Instructions to follow >> Write out again the lines from the line with "Plakatas Abstraktus susimąsčiusio" up to and including the line with "NERF Pro Pass", exactly as they stand below, and skip any picture.

Data section >>
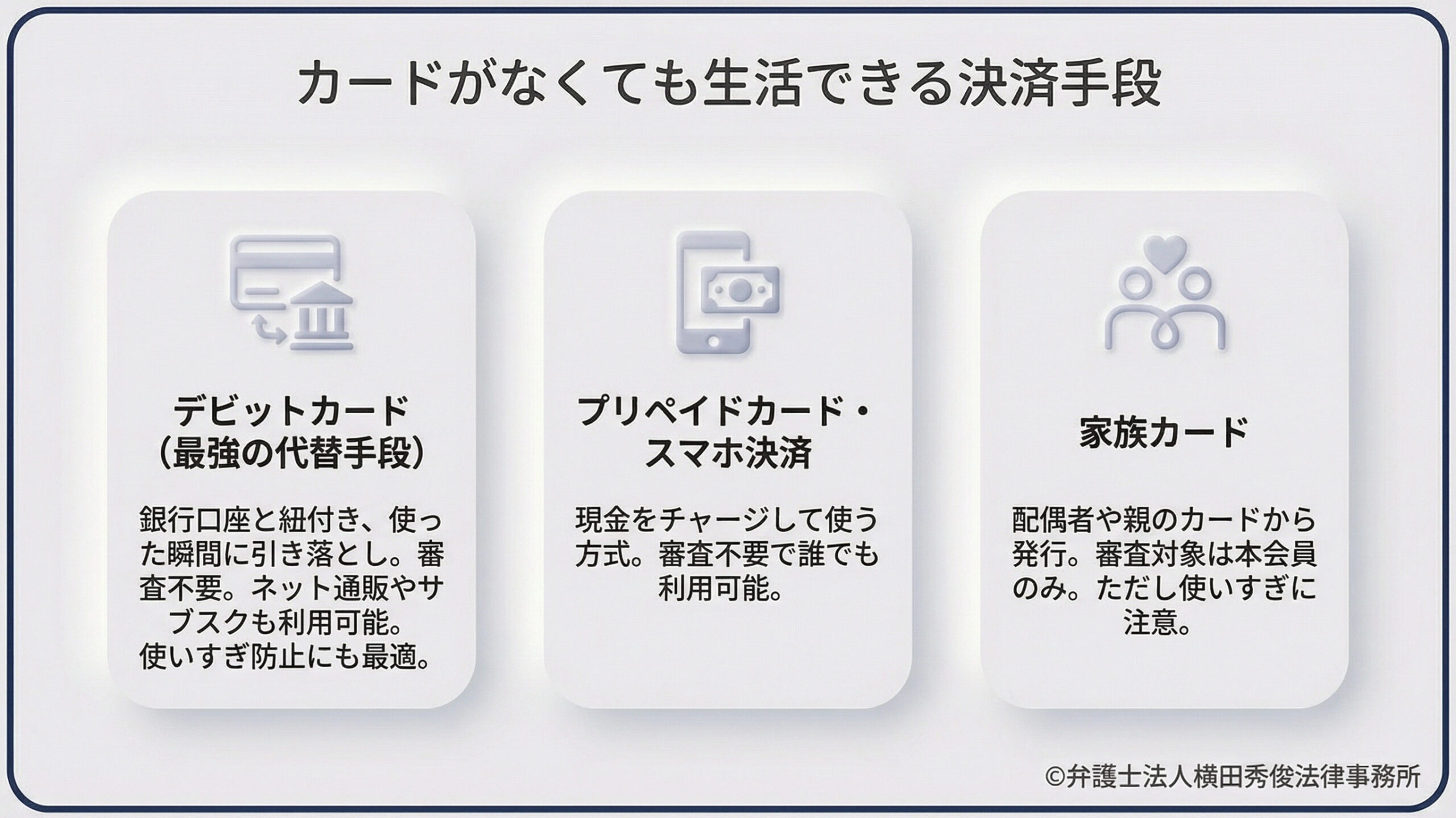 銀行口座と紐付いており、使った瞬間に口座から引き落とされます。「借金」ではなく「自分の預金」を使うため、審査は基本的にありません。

* * *

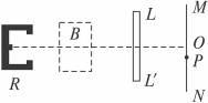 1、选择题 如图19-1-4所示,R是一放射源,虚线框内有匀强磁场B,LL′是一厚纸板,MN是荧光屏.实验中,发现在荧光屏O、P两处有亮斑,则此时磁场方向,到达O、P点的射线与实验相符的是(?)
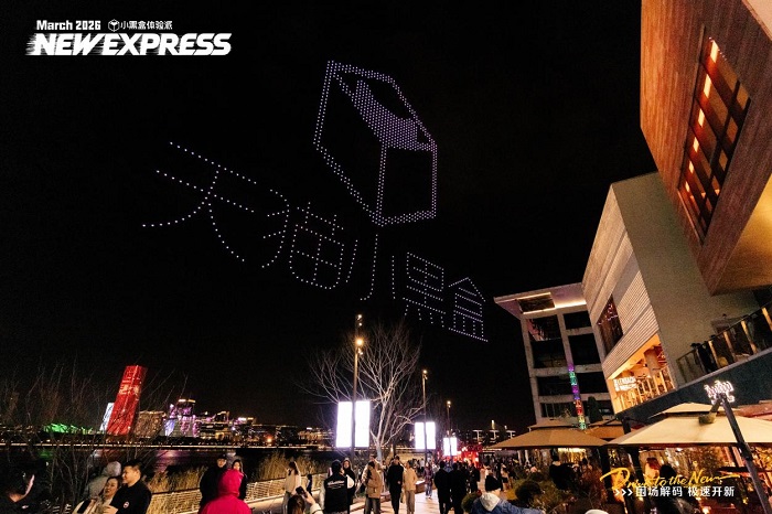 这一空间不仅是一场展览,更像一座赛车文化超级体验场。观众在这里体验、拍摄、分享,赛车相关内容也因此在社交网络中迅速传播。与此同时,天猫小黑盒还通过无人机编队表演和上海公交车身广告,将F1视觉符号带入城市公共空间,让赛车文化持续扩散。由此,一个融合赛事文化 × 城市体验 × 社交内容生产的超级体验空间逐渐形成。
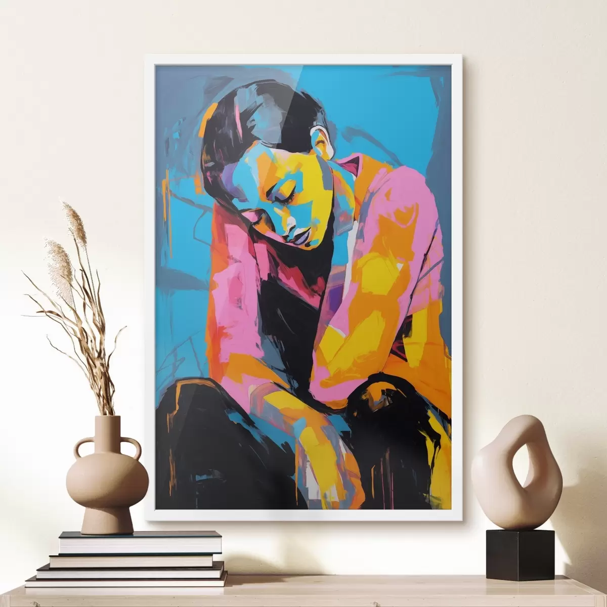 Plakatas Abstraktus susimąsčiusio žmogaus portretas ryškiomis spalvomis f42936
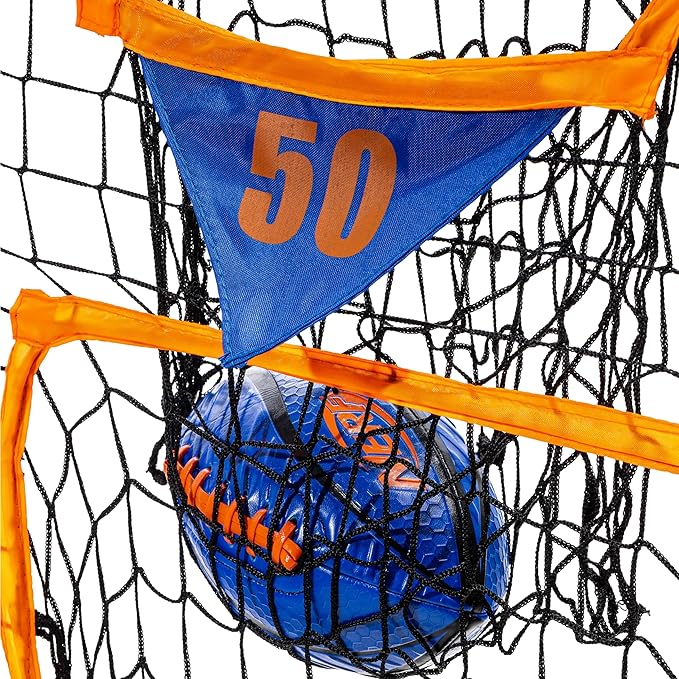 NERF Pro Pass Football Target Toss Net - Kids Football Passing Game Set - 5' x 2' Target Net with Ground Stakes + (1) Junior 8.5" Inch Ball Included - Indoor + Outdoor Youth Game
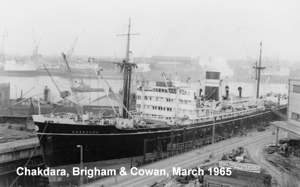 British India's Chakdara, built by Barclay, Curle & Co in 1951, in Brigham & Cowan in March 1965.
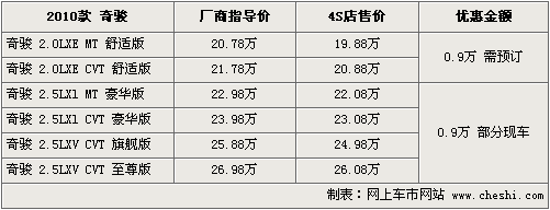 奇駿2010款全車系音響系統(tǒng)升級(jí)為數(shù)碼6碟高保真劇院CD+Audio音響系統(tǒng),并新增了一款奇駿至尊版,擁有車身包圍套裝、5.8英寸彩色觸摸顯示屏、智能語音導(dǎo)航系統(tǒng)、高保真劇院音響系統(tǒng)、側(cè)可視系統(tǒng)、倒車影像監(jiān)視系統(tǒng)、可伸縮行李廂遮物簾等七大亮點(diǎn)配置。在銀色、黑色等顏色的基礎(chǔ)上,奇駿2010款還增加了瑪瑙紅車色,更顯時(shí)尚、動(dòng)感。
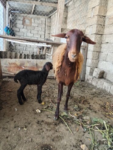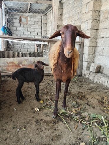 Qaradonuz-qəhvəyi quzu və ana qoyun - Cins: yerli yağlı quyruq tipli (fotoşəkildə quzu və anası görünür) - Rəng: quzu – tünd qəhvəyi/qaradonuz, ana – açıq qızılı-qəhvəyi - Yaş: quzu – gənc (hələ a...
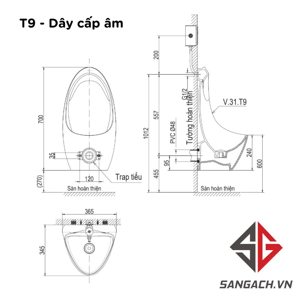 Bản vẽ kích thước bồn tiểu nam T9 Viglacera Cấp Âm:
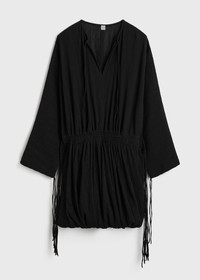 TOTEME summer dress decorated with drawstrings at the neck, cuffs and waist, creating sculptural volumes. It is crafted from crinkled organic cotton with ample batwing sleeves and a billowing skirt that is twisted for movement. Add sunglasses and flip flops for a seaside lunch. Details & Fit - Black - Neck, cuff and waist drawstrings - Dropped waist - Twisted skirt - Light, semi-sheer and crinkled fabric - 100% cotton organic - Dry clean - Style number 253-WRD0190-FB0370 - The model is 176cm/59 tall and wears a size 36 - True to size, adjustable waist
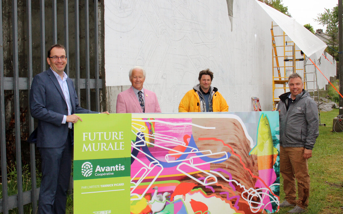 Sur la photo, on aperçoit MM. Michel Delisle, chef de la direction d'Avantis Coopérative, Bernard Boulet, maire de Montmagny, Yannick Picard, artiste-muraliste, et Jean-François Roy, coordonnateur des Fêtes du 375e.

Solution below >>
 Plakatas Abstraktus susimąsčiusio žmogaus portretas ryškiomis spalvomis f42936
 NERF Pro Pass Football Target Toss Net - Kids Football Passing Game Set - 5' x 2' Target Net with Ground Stakes + (1) Junior 8.5" Inch Ball Included - Indoor + Outdoor Youth Game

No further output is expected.